INFORMATION SHOWN =>
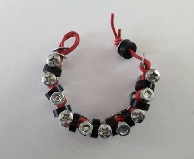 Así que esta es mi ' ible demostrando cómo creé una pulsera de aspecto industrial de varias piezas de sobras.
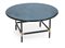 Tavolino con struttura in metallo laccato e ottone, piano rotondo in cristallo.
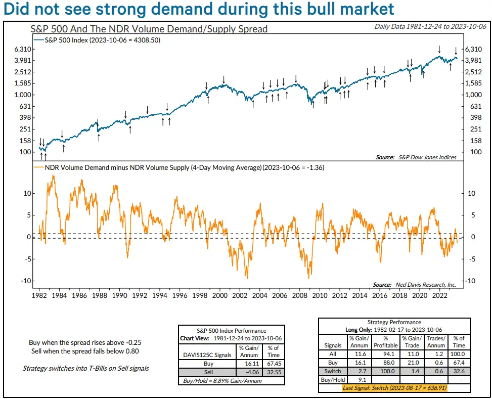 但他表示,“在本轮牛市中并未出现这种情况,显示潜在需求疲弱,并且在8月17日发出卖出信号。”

TO DO => Exact copy, no images: rewrite the entire listing above.

RESULT OF THIS EXERCISE =>
 Así que esta es mi ' ible demostrando cómo creé una pulsera de aspecto industrial de varias piezas de sobras.
 Tavolino con struttura in metallo laccato e ottone, piano rotondo in cristallo.
 但他表示,“在本轮牛市中并未出现这种情况,显示潜在需求疲弱,并且在8月17日发出卖出信号。”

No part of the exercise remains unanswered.